COVID-CT新冠肺炎检测(DenseNet网络)
2020年新冠肺炎席卷全球,经过科学家的研究发现,新冠病毒经过呼吸道,进入我们的肺部。我们的肺部,绝大部分都是肺泡,而肺泡里面是空气。由于空气对X射线的衰减很小,即CT数很小,所以健康肺部在CT图中基本是黑色的。新冠病毒到达肺部之后,通过肺泡孔扩散,然后附着在肺泡上皮,其间会引起我们免疫系统的反应,大量免疫细胞会去和新冠病毒大战,这些会改变肺泡的物理性质(如肺泡肿胀、肺泡间隔液体的渗出,肺泡间隔增厚等),这样就会在CT图中露出痕迹。所以我们就是通过观察肺部CT中的痕迹,以及病毒的特点来判断是否有可能感染新冠病毒。本篇博客主要是学习记录,参考了新冠肺炎CT影像识别(二分类 | 逻辑回归)。
COVID-CT中把新冠肺炎CT图片识别,当做的一个二分类问题,即肺部CT中有新冠病毒和无病毒两种情况。CSDN的作者意疏改了代码结构、删了很多东西也引入了visdom来可视化训练过程。作为一个深度学习初学者,主要是体验一下过程。我参照作者给的逻辑,将代码写在notebook中,做了一下数据的分析,以及重新组织代码。
这次主要采用 DenseNet网络结构。
提示
由于我没有GPU,我是使用CPU训练的。大家如果有GPU,则只需要取消下按照下图更改即可:
- 定义训练函数
- 定义训练过程
- 定义测试过程
环境搭建
pip install --upgrade visdom
数据处理
1. 下载数据
本次实训,我们将采用来自加州大学圣地亚哥分校、Petuum 的研究者构建了一个开源的 COVID-CT 数据集,其中包含216例患者的349张COVID-19 CT图像和463张非COVID-19 CT图像。
下载地址:https://github.com/UCSD-AI4H/COVID-CT
- 我们主要关注
Data-splitImages-processed这两个文件夹。
2. 观察数据集
2.1 数据类
在Images-processed文件夹下,CT_COVID(阳性) CT_NonCOVID(阴性)

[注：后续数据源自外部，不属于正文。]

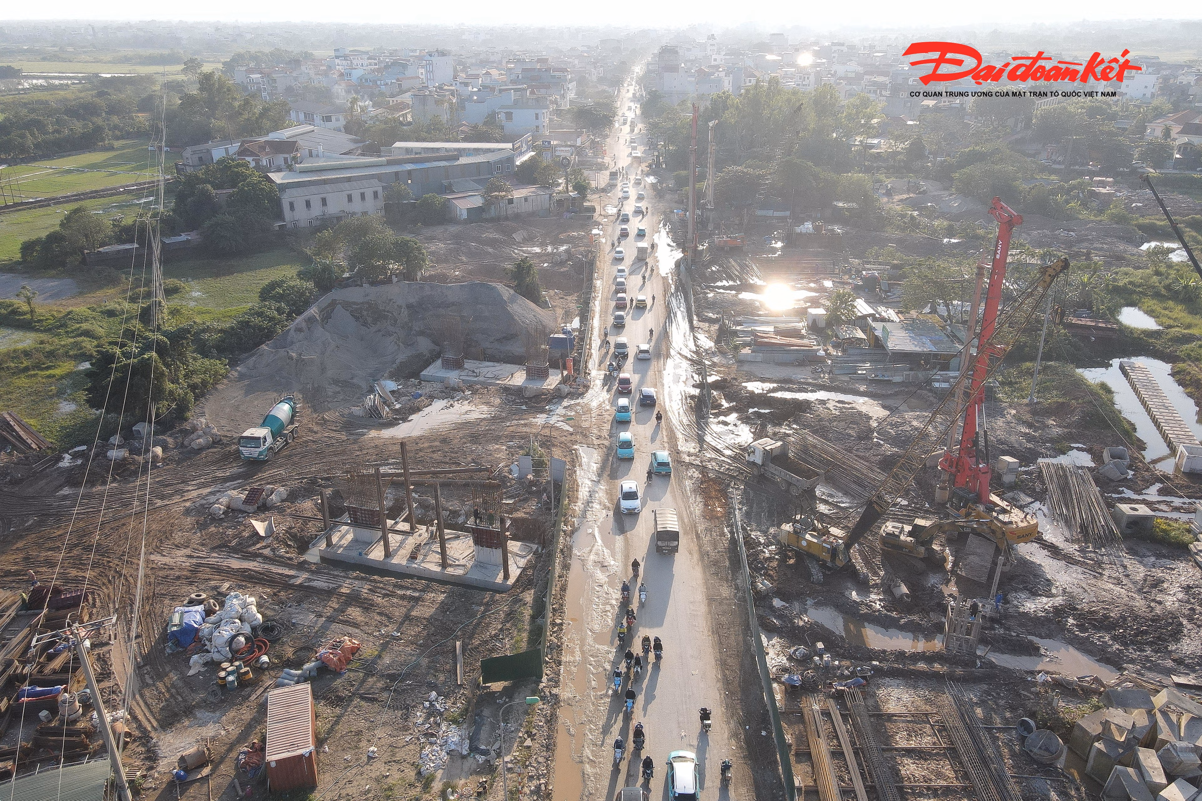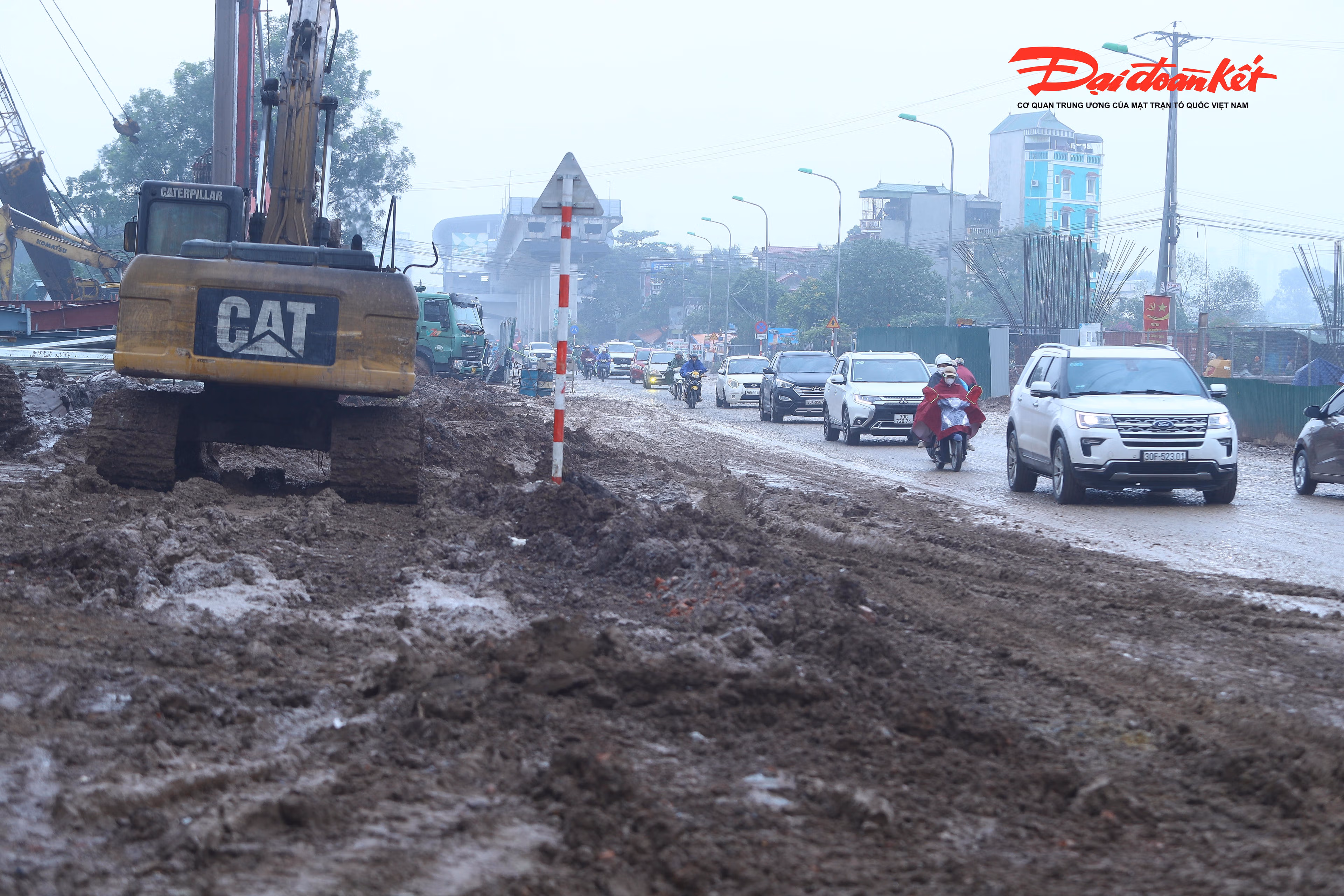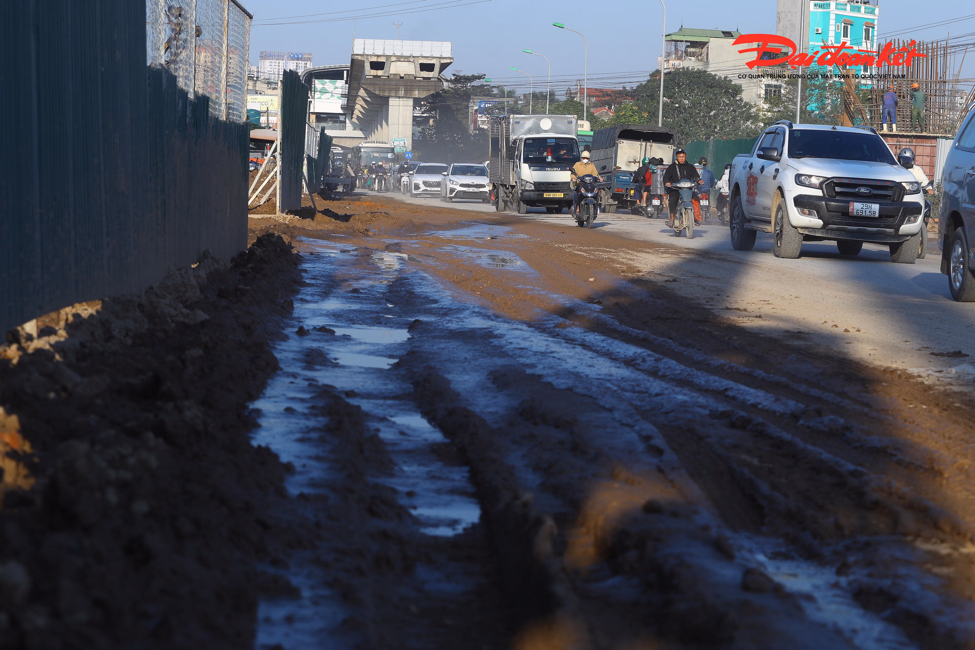 Việc thi công hạng mục cầu vượt nút giao Quốc lộ 6 qua vành đai 4 (phường Yên Nghĩa, Hà Nội) bùn tràn ra đường, ngày nắng thì bụi bẩn, ngày mưa thì lầy lội khiến việc di chuyển của người dân gặp nhiều khó khăn.
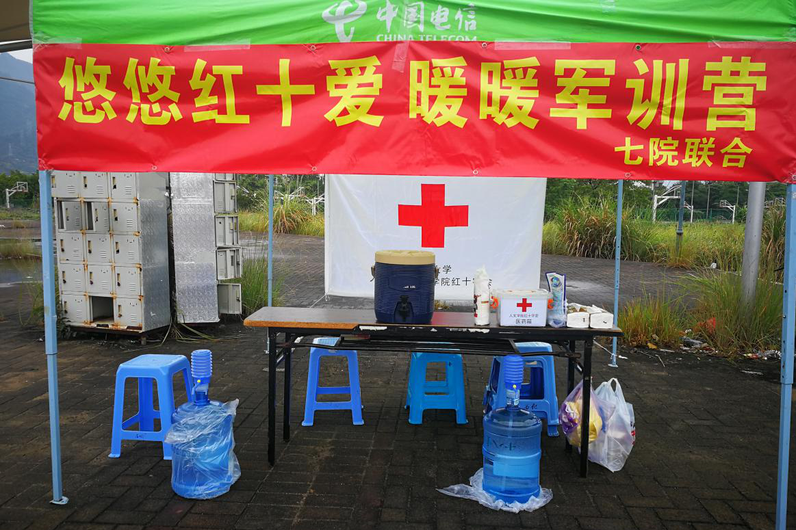 志愿服务中心联合开展志愿服务活动,于一区、三区操场设立“悠悠红十爱,暖暖军训营”军训服务站。

我们发现Images-processed文件夹下有一些损坏的数据集,如下图。
我们使用替换的方法将这些数据集给替换了
import os
import numpy as np
import pandas as pd
import seaborn as sns
from PIL import Image
from PIL import ImageEnhance
from skimage.io import imread
import matplotlib.pyplot as plt
import cv2
# 创建存储新的文件夹
new_file = './newfile/'
if not os.path.exists(new_file):
os.makedirs(new_file)
# 将损坏的数据集凡在damage_data文件夹
# 将损坏的数据名称用enumerate() 函数存储起来
lists = os.listdir('damage_data')
lists_a = enumerate(lists)
# 随机挑选一张新冠肺炎的照片做完样本
img=cv2.imread("./1.png")
# 生成照片
for i, j in lists_a:
copyimg=np.zeros(img.shape,np.uint8)
copyimg=img.copy()
grayimg=cv2.cvtColor(img,cv2.COLOR_BGR2GRAY)

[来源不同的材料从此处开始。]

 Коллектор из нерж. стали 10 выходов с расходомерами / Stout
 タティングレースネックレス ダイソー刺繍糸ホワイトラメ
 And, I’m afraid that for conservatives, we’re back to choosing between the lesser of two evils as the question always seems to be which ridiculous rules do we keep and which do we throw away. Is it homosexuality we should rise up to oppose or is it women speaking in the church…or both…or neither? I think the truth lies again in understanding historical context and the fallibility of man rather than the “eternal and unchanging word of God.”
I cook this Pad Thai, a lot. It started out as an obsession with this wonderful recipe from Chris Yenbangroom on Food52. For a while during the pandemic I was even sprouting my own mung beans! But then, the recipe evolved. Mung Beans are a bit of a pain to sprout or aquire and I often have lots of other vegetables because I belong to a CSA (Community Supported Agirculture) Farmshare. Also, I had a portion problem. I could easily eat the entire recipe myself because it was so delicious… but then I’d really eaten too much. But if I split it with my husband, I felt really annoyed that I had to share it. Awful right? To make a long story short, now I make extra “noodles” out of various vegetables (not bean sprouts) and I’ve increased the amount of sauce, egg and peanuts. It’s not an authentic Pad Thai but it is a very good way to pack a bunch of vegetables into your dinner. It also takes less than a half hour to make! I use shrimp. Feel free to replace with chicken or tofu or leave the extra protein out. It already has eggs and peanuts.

cv2.imwrite(new_file + j ,img,[int(cv2.IMWRITE_JPEG_QUALITY),5])
cv2.waitKey(0)
cv2.destroyAllWindows()
print('完成')
- 结束后将生成的照片拷贝到原来的文件夹
2.2 查看CT_COVID(阳性) 阳性数据集
dataset='./Images-processed/'
ct_h = os.path.join(dataset,"CT_COVID")
select_ct="CT_COVID"
rows,columns = 4,5
display_folder=os.path.join(ct_h,select_ct)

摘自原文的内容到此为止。